China’s possession of a Sri Lankan port as Colombo struggled with a spiralling debt crisis meant asset seizures could not be ruled out, Pōhiva told Reuters in a phone interview from Tonga.

“If it happens in Sri Lanka, it can happen in the Pacific – so it is entirely an option for China to consider,” said Pōhiva, who did not identify any specific assets at risk of being seized.

“If we fail to meet the requirements and conditions set out in the agreement … we have to pay the cost for our failure to meet the conditions.”

China’s Foreign Ministry did not immediately respond to a request for comment on Thursday. It has previously said there was no evidence China was responsible for creating unsustainable debt and that it retained good relations with Tonga.

In April, media reports suggested China wanted to establish a military base in the Pacific island nation of Vanuatu after funding a wharf big enough to handle warships. Both China and Vanuatu denied the reports.

Pōhiva, who came to power after the bulk of Tonga’s $115 million debt to China was accumulated, said the region should negotiate as one.

“It is no longer an issue for individual countries because there are small countries who borrowed from China and we have problems with that and the option is to collectively work together to find a way out.”

Regional leaders are due to gather at a Pacific Islands Forum early next month in the island nation of Nauru where Pōhiva said they will progress plans to ask for their debt to be forgiven.

China, which has a status as a ‘dialogue partner’ in the grouping, has sent an envoy to the event since 2007.

For a graphic on Chinese loans to Pacific nations on the rise, click https://tmsnrt.rs/2LG3p6S

DEBTS MOUNT

A recent Reuters analysis of the financial books of South Pacific island nations showed China’s lending programmes have gone from almost zero to over $1.3 billion currently outstanding in a decade.

The relatively high debt burdens in the small economies has stoked fears the region risks falling into financial distress and becoming more susceptible to diplomatic pressure from Beijing.

Despite holding little economic sway, each small Pacific state represents a vote at international forums such as the United Nations. They also control vast swathes of resource-rich ocean and access to the region holds strategic military significance.

China has forgiven debt owed to it by some countries in the past.

In 2016, China cancelled about $90 million in Cambodian debt at a time when Phnom Penh was seeking exemptions to longstanding debt to the United States.

But Beijing has also moved ahead with fresh loans and aid to the country, becoming its most important diplomatic and economic backer as Cambodia’s relations with the United States have frayed.
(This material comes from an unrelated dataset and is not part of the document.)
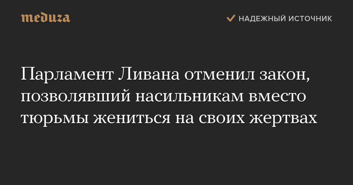 Парламент Ливана 16 августа отменил 522-ю статью уголовного кодекса, которая освобождала от наказания насильников, женившихся на своих жертвах.
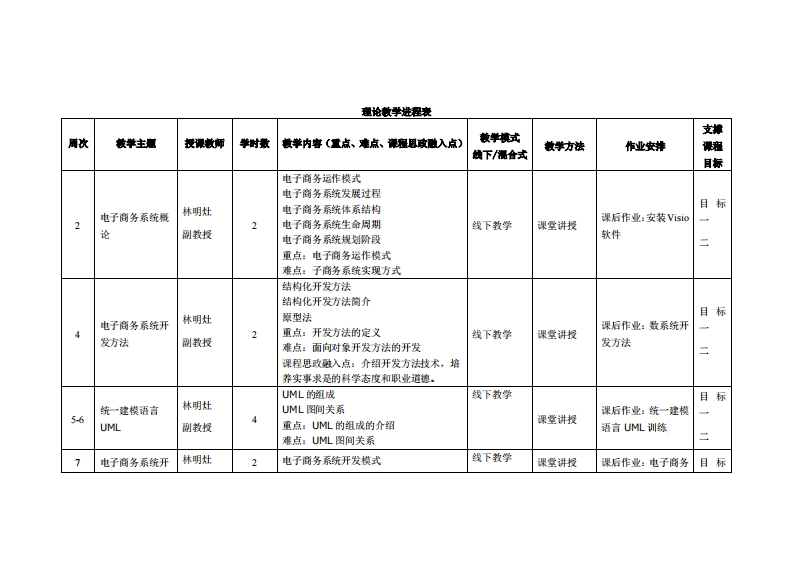 《系统分析与设计》教学大纲课避名称:系续分析与设计课和类别(必修选修)·选修课程英文名称:System Analysis and Design总学时周学时学分,322/2其中实检实液学时,16先继课是:JAVA语言应用开发后续课程支撑量据花调与数据仓库授课时间:2、418周基期四34节授课地点:兆城2209提课对津:2021计算机科学与技术诗携电商电商1班博)/22计技二学位开裸学洗:粤合产业科妆学陕任课师姓名落:林明灶/副敏战答鞭时间、地点与方式:1每次课前和课后,实验楼307,采用一对一的问答方式:2每次习题课,采用集中讲解方式。课程考核方式:开卷()闭港()课程论文()其它(√)使用微材《情惠暴绕分新与设计》,杜州、整膏地、王洪英、屈膏地、赵漏晶,第3版1SBN978732576433,清华大学出版壮。妆学考资料:1.各精品资漂共率课网站。课避物介:本课程系统介绍当前电子商务系统的两种主流开发方法为主线,系统地介绍电子商务系统的相关概念以及电子商务系统规划、分析、设计、实施和运行维护的内容、步骤、技术及工具在结构上分为4个部份:L,基础部分,主要介绍电子商务系统的基本概念、常用开发方法及开发工具:2分析与设计部分,主要介绍电了子商务系统规划、分析与设计的内容、步骤、方法和应用过程:

Australia and New Zealand, traditionally the main powers in the South Pacific, have raised concerns about China’s growing influence in the region, and led efforts to give more attention and aid to their island neighbours.

Australia’s Minister for International Development and the Pacific, Concetta Fierravanti-Wells, said they were worried about the impact of heavy debt levels on vulnerable economies.

“This whole issue with Tonga has gone through the Pacific like a dose of salts, and understandably, because the money they now need to repay their loan means they have less money for health and education,” Fierravanti-Wells told Reuters in a phone interview.

New Zealand’s Foreign Minister and Deputy Prime Minister Winston Peters said in an emailed statement that “over-leveraging in any situation is always a bad idea”.